# 4" strapping - Where to find



## HowlingFarms (Oct 14, 2014)

I am trying to find some fabric that is soft but relatively sturdy/stable. I don't know anything about fabrics or whatever, but basically I need a 3" to 4" strapping material that I can put either a D ring on the ends or plastic adjustable clips and such on.

I have been all over the place and I think my terminology is completely wrong. Hobby shops don't have any strapping or nylon webbing that is the size that I need. 

Anyone have some suggestions?? My online searches are unsuccessful.

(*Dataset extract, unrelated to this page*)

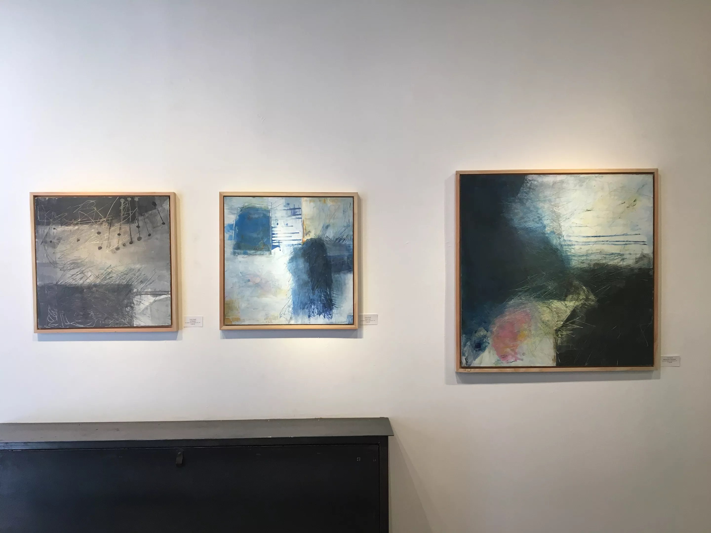In the southeast part of the gallery is Numinosity, elegant abstractions by Tracey Russell. Her paintings have veils of color-fields that have been marked by automatist scribbled lines. Using birch panels, Russell covers them with oil paint, oil stick and other pigments, plus graphite and wax; she then scratches them using different tools to create varied surfaces and those lines. In this way she is able to reveal underpainting in different areas of the composition, and the resulting paintings are somber versions of neo-abstract expressionism.

Essentially I am making a cinching type harness to go over some various rounds. Smaller straps would work but I would need too many to make it worth while. Would like a wider strap to reduce the work. Tow strap material is too thick and rough for the project.

Thanks!


----------



## Gabesgram75 (Jun 20, 2016)

There are 2 websites that I order from when I am making backpacks and other outdoor gear. They both have webbing up to 4" in width. They sell by the foot. You could check them for your needs. The first is Outdoor Wilderness Fabric, Inc. www. owfinc.com. The second is Strapworks, www.strapworks.com. Strapworks has more styles of webbing. Good luck with your search.


----------



## farmrbrown (Jun 25, 2012)

HowlingSprings said:


> I am trying to find some fabric that is soft but relatively sturdy/stable. I don't know anything about fabrics or whatever, but basically I need a 3" to 4" strapping material that I can put either a D ring on the ends or plastic adjustable clips and such on.
> 
> I have been all over the place and I think my terminology is completely wrong. Hobby shops don't have any strapping or nylon webbing that is the size that I need.
> 
> ...


Seat belt material?

https://www.seatbeltplanet.com/seatbelts-and-accessories/hardware-kits/#Webbing


----------



## Jlynnp (Sep 9, 2014)

I have used StrapWorks in the past and had good luck with them.


----------



## mosepijo (Oct 21, 2008)

You are looking for Nylon webbing. Comes in different widths. (Had an Upholstery Shop for 23 years)


----------



## katie deladie goatherder (Apr 23, 2018)

HowlingSprings said:


> I am trying to find some fabric that is soft but relatively sturdy/stable. I don't know anything about fabrics or whatever, but basically I need a 3" to 4" strapping material that I can put either a D ring on the ends or plastic adjustable clips and such on.
> 
> I have been all over the place and I think my terminology is completely wrong. Hobby shops don't have any strapping or nylon webbing that is the size that I need.
> 
> ...


How about getting some of the cargo straps at someplace like Harbor Freight and cutting what you need? I've seen them in various widths and lengths... but, I guess you would also be getting the cincher thing and hook, too. So, ignore my idea!


----------



## M5farm (Jan 14, 2014)

Any flatbed truck service shop has the straps with the j hook ends for around 10 bucks a strap. You can also buy the winches for them fairly cheap, at least ask if they have old take offs you could buy cheap .


----------